RAW DATA
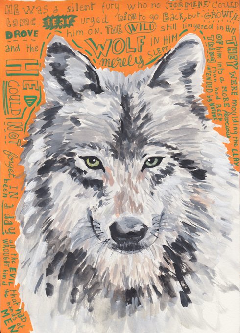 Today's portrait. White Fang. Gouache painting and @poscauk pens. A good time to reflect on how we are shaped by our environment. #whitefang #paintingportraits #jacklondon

...

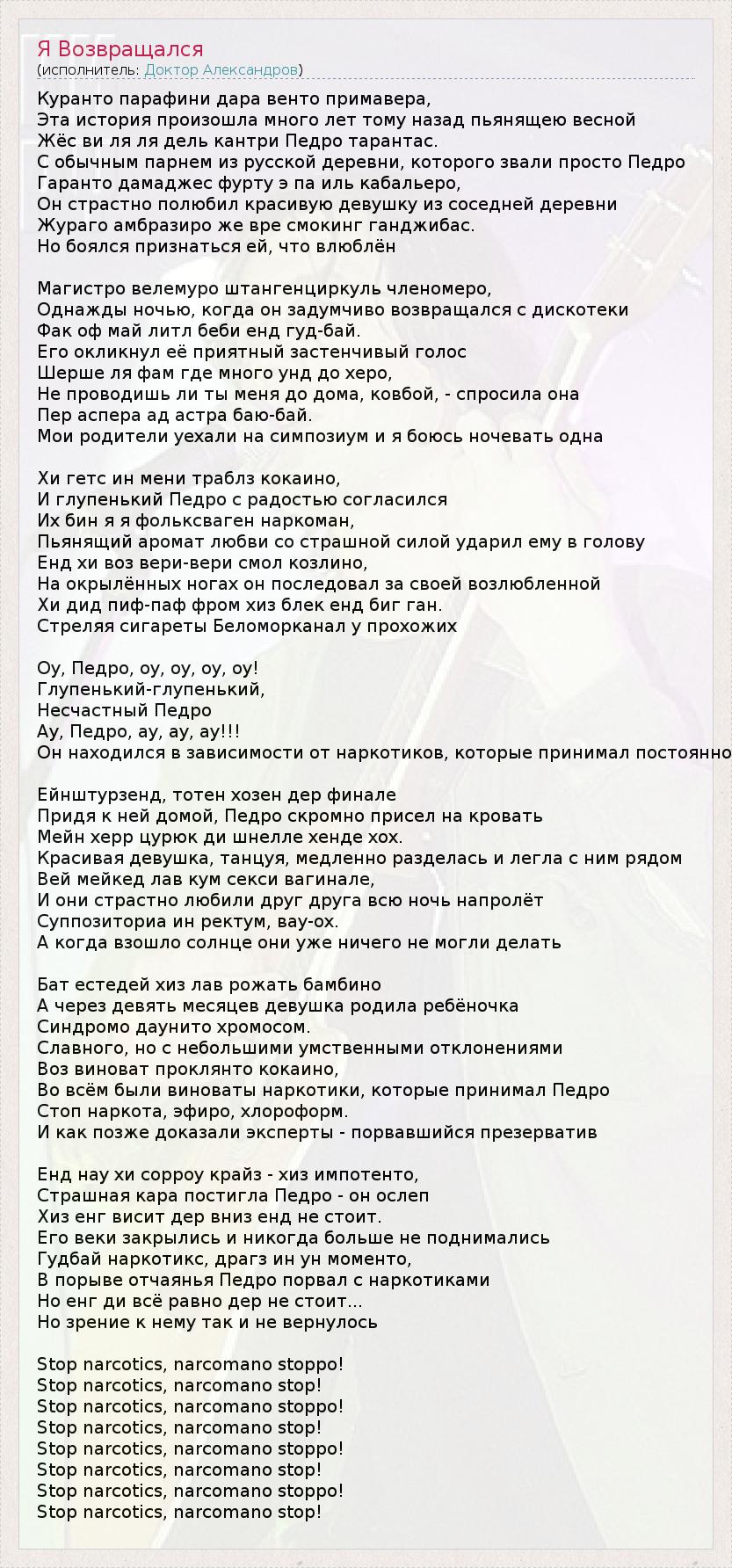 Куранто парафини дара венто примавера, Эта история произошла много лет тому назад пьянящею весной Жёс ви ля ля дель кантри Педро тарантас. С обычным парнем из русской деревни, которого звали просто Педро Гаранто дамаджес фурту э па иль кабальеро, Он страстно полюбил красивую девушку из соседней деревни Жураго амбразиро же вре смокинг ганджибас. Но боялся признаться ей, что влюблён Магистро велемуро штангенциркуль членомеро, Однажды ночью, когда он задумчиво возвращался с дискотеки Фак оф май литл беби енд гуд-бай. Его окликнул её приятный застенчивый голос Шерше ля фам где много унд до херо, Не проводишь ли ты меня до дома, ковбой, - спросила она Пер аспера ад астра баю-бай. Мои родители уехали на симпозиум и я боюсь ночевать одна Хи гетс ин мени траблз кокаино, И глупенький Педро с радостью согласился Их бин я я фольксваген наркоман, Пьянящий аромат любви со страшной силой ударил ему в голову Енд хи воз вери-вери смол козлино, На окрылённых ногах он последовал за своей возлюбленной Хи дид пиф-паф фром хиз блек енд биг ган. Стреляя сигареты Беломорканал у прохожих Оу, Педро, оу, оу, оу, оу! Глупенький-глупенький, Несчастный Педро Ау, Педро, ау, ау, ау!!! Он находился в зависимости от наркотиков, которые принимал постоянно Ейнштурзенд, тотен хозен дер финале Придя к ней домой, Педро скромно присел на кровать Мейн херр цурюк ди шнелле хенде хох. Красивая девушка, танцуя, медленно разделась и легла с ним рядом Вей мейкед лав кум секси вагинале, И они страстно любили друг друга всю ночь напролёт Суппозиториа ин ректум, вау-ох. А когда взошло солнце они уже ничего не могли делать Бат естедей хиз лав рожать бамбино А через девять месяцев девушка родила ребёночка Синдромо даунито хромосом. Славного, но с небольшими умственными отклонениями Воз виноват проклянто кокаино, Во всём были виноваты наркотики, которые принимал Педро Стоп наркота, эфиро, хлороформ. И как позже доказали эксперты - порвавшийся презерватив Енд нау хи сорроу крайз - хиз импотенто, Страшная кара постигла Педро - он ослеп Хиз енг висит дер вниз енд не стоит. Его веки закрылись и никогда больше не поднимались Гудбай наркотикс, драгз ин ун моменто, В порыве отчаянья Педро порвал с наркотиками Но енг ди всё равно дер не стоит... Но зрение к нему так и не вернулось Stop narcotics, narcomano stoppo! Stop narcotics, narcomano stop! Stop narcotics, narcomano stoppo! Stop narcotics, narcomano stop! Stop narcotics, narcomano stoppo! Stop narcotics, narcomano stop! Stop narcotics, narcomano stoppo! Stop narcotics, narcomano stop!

==

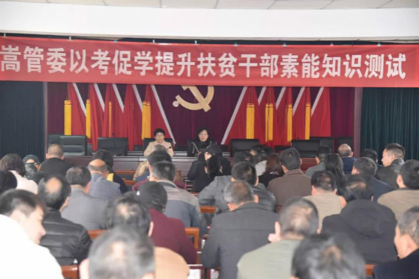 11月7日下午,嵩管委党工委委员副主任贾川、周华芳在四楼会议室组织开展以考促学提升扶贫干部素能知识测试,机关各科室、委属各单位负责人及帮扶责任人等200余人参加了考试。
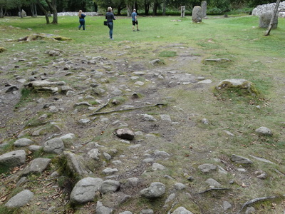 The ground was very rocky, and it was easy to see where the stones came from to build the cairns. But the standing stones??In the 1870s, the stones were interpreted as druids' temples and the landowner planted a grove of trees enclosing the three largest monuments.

PROBLEM STATEMENT
From the records above, extract the lines from the one holding "11月7日下午,嵩管委党工委" through the one holding "The ground was", word for word; omit the pictures.

EXERCISE ANSWER
 11月7日下午,嵩管委党工委委员副主任贾川、周华芳在四楼会议室组织开展以考促学提升扶贫干部素能知识测试,机关各科室、委属各单位负责人及帮扶责任人等200余人参加了考试。
 The ground was very rocky, and it was easy to see where the stones came from to build the cairns. But the standing stones??In the 1870s, the stones were interpreted as druids' temples and the landowner planted a grove of trees enclosing the three largest monuments.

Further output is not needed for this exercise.